GAPIYI GIYGAŞUK BIRAKMALI !


Açıklama: Bir kaç gün önce Kardeşim Cüneyt Yağcıoğlu'nun derleyip seslendirdiği, İnebolu pidesi ve pastırmalı ekmeğin de yapımının sergilendiği yöresel bir çalışmaya şahit olduk...
Kategori: İNEBOLU
Eklenme Tarihi: 12 Şubat 2021
Geçerli Tarih: 29 Mart 2024, 09:14
Site: Yeni İnebolu Gazetesi
URL: http://www.inebolugazetesi.com/haber_detay.asp?haberID=1806


Bir kaç gün önce Kardeşim Cüneyt Yağcıoğlu'nun derleyip seslendirdiği, İnebolu pidesi ve pastırmalı ekmeğin de  yapımının sergilendiği yöresel bir çalışmaya şahit olduk...

Videoyu izleyenlerin bizzat gelerek, telefonla ulaşarak veya sosyal medya aracılığıyla beğenip, paylaşım yaparak İnebolu'ya özgü ifadelere ne denli sahip çıktıklarını ve bunun gibi küçücük şeylerle ne büyük mutluluk yaşadıklarını da bu vesileyle görmüş olduk.

Hatta, İneboluluyum diyen herkesin ortak paydası olan ve gerçekten bize has kelimeler ve cümlelerle bizim bölge ağzımızı oluşturan bu tarz bir derlemenin daha önce yapılmadığının da farkına vardık.

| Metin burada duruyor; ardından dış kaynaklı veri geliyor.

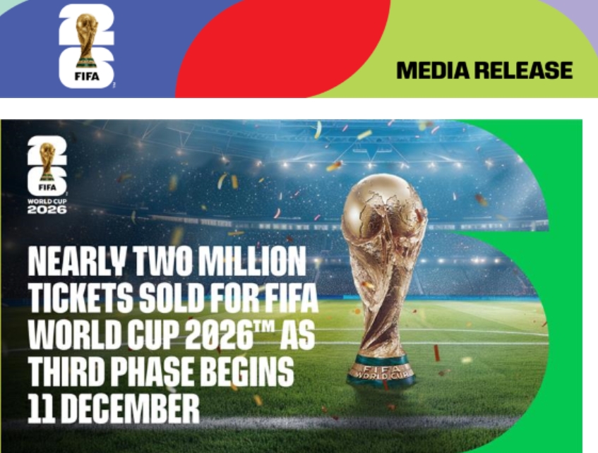 Nearly two million tickets sold for FIFA World Cup 2026™ as third phase begins 11 December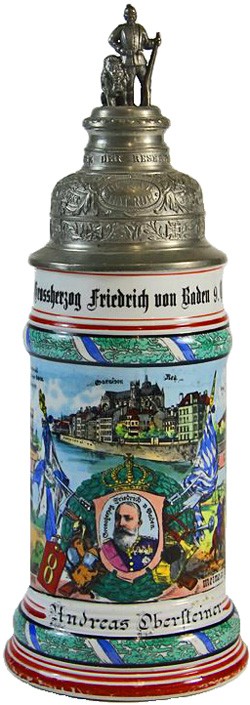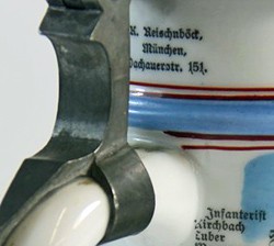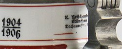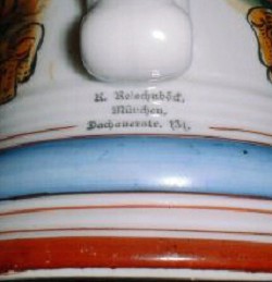 Featured stein showing K. Reischenböck, Dachauerstraße 149, Munich, dated 1906.

Ve bu derleme ile İnebolu'ya özgü ilginç ifadelerin kayıt altına alındığı ve gelecek nesillere aynen aktarılacağı düşüncesi yapılan işin ne derece önemli olduğunu ortaya koydu.

Çünkü İnebolu'da doğmuş, büyümüş, yaşamış her bireyin benimsediği bu konuşma şekli tamamen bizi yansıtıyor, Getire GÖTÜR, deliye DÖLÜ, eriğe ÖRÜK diyerek başka yörelerden kolayca ayırd edilebilen ilginç kelimelerle farklılığımız meydana çıkıyordu.

Özellikle İnebolu dışına çıktığımız da bu kelimeleri insanların anlayamadığını görsek de, biz birbirimizi anladığımız sürece değiştirme yada düzeltmeye gerek yoktu. 

Trakyalının, Doğu Karadeniz insanının, Ege, Akdeniz, İç Anadolu ve Doğu Anadolu halkının kendine has konuşma şekilleri,  geçmişten geleceğe miras bırakılacak bir kültür zenginliği olarak değerlendiriliyorsa,  İnebolu'ya özgü kelimelerin kullanıldığı konuşma şeklide bizim kültürel zenginliğimizdi.

O zaman bu hazinenin olduğu gibi muhafaza edilmesi, kelimelerin dumura uğramadan günlük yaşantımız da kullanılmasının devamıyla mümkün olacaktı.

Peki İnebolu'ya özgü ifadelere bir kaç örnek verecek olursak...

Bizler İnebolu'da "Kapıyı kapatma, biraz aralık bırak" yerine  GAPIYI GIYGAŞUK BIRAK cümlesini kullanırız.

"Sus, fazla sesin çıkmasın" demeyiz, kısaca SÜSETME deriz meselâ... 

"Alda gel" yerine ÂBERİ deriz.

Yürüyüşünde birazcık kibirlilik olana hemen lafı yapıştırırız GIRIŞAK diye...

"Şuraya doğru git" demeyiz, ÂKURU GİT deriz...

"Çok az" yerine CİTGATÇA deriz...

"Rahat durmayana" FIYILDAMA, "Kıkır kıkır gülene" FİNGİRDEME deriz.

"Her gördüğünü yiyene" SÜMTÜK deriz.

"Giyim kuşamına özen göstermeyene" SÜLEPE deriz.

"İshal oldum" demezler de AMEL OLDUM derler.

"Dengesiz hareketler sergileyene" SARSUK denir.

Aşı boyalı evlerimizin lavaboları ÇAĞ YANI - dolapları TERCE - rafları SERGEN - merdivenleri PASAK - tuvaletleri HELÂ dır.

Bunlar gibi pek çok kelimelerin kullanıldığı İnebolu'ya özgü ilginç ifadelerle mutlu ve huzurlu, stresten uzak, sağlıklı bir yaşam temennisiyle yazımı noktalıyorum.